What other option is there? I will find a way to change my mind if the data supports your position. And I swear before the mighty InterWebs now that I will do my level best to listen to any argument you bring to me. But I’m going to demand the same in return. My greatest sin might very well be pride, but that doesn’t mean I am wrong. I might be prideful and correct.
Or perhaps there isn’t any correct to be had in the topic we’re discussing. Is there really, honestly a clear right and wrong in the political debate? Are your views on the bible the only ones that are valid? Are you 100% sure making the Doctor from Doctor Who a female this regeneration is the best option? Can’t we talk about it?

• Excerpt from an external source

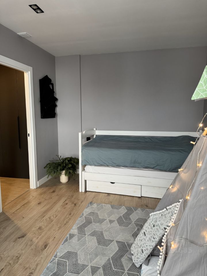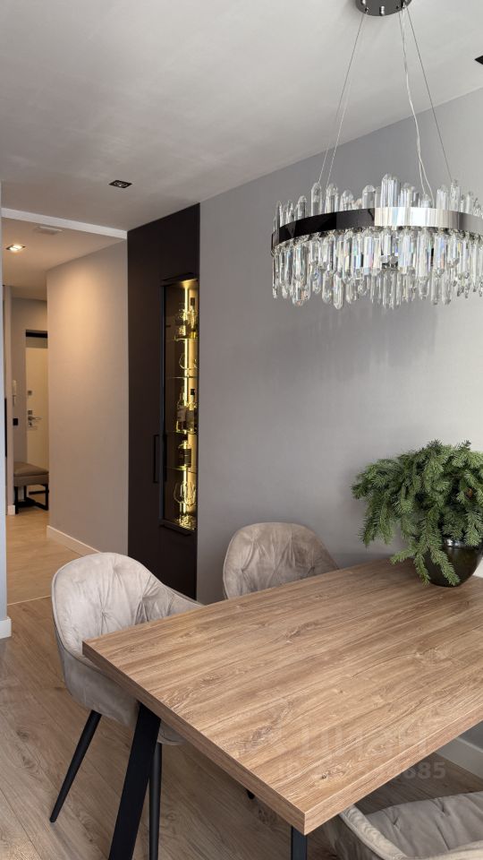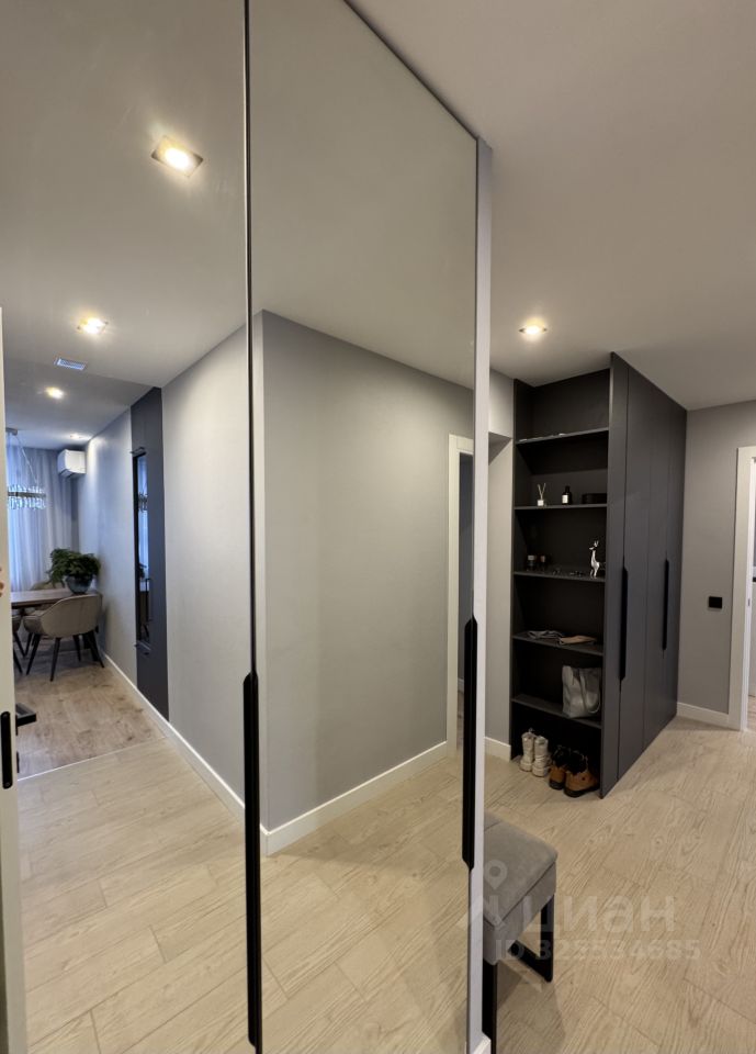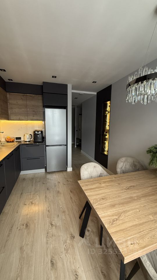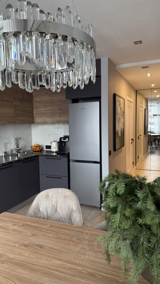 Отделка выполнена из качественных материалов по индивидуальному проекту. Встроенная мебель изготовлена на заказ с использованием немецкой фурнитуры. Техника: установлена встроенная посудомоечная машина, микроволновая печь, измельчитель для раковины, водонагреватель. Перечисленная мебель и техника остаются будущему владельцу.

And so I come around full circle to my friend back at college. The one who made the diversity comment. He was right, although he didn’t know it then. The diversity of the InterWebs is truly bringing us closer together only in that we realize we have nothing in common with others. But of course we do. We’re all human. We all bleed. We’re all breathing the same air, toxic though it may be in places.
We need to change. We need to find a way to have dialogue. I need to listen to you, my friend, and you need to listen to me. We don’t have to both be wrong. And we’ll both be better people if we can come to some compromise. But as long as you and I believe our views are the only ones that are correct, the only ones worth listening to, things will get worse. We will live and die in our own personal isolation chambers and, if we’re not very careful, they will turn into our coffins.